途中で、高子が月光に輝く草の夜露を見て、「あれは何?白玉(真珠)?」と問います。その時には業平は答えなかったのでしょうか?

宝塚の「花の業平」では別邸に隠れている二人の所に、追ってきた基経と応援の異母兄国経などに踏み込まれ、高子は連れ去られます。そして歌を詠みます。
「白玉か何ぞと人の問ひしとき 露とこたへて消えなましものを」-「白玉ですか、何ですか、とあの人が尋ねた時、露ですよと答えてそのまま私も消えてしまえばよかったのに」-

『伊勢物語』第6段前半では、女は鬼に喰われてしまったーとあります。「鬼伝説」は昔からあって、行方不明になった人は、鬼に喰われてしまったのではないかという話です。
後半というか最後に、「御兄(しょうと)堀河の大臣(おとど)、太郎国経の大納言がまだ下﨟(げろう:身分が低い)にて・・」とか「后のただにおはしける時」とかだいぶ後の時代の方が書き足した感があります。
原文というか前半部分は紀貫之、最後の書き足しは、藤原師輔の命を受けた源順(したごう)という文化人かなあ?なんて私は思うのですが、とにかく『伊勢物語』は謎が多いですよね。

私は20代の時、無謀にも高速道路を使わずに明石から京都まで車で行った事があります。

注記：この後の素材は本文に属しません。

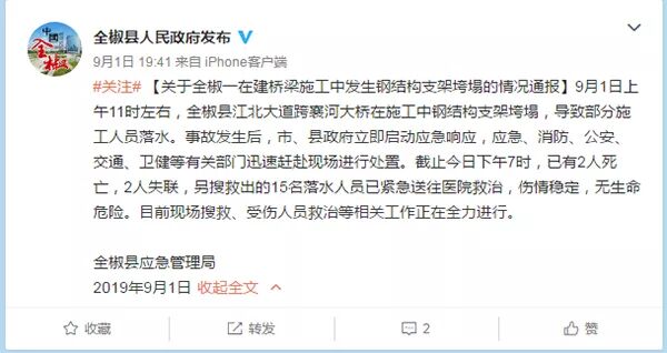 安徽滁州市全椒縣人民政府官方微博9月1日晚發(fā)布關(guān)于“全椒一在建橋梁施工中發(fā)生鋼結(jié)構(gòu)支架垮塌”的情況通報(bào)。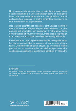 Nous sommes de plus en plus conscients que notre santé dépend notamment d’une alimentation saine et biologique. Mais cette démarche se heurte à un réel problème : du fait de l’agriculture intensive, la chaîne alimentaire s’appauvrit en sels minéraux et en oligoéléments. Des études scientifiques récentes sont venues confirmer que nous sommes de plus en plus déminéralisés : ce phénomène est imputable non seulement à notre alimentation dont la qualité a beaucoup diminué, mais aussi à la pollution et au stress qui accroissent nos besoins en oligoéléments. Le docteur Paul Dupont présente le rôle de 22 oligoéléments, les signes perceptibles de carence et les sources alimentaires. De nombreux tableaux étayent ce livre que le lecteur pourra à tout moment consulter très aisément pour connaître ses besoins quotidiens et les aliments capables d’y répondre.

水無瀬神宮やいろいろ名所を回るためですが、その時、確か高槻あたりの171号線の交差点で、ふと標識を見ると「芥川」とあるではありませんか。当時はナビもないし、道路地図帳だけを頼りに行っていたのですが。私は車を停めてその湿地帯の所に降りてみました。何もないただ川と草原だけでしたが、夕暮近かったでしょうか、ここまで業平と高子が逃げてきたのかなあなんて思ったりしました。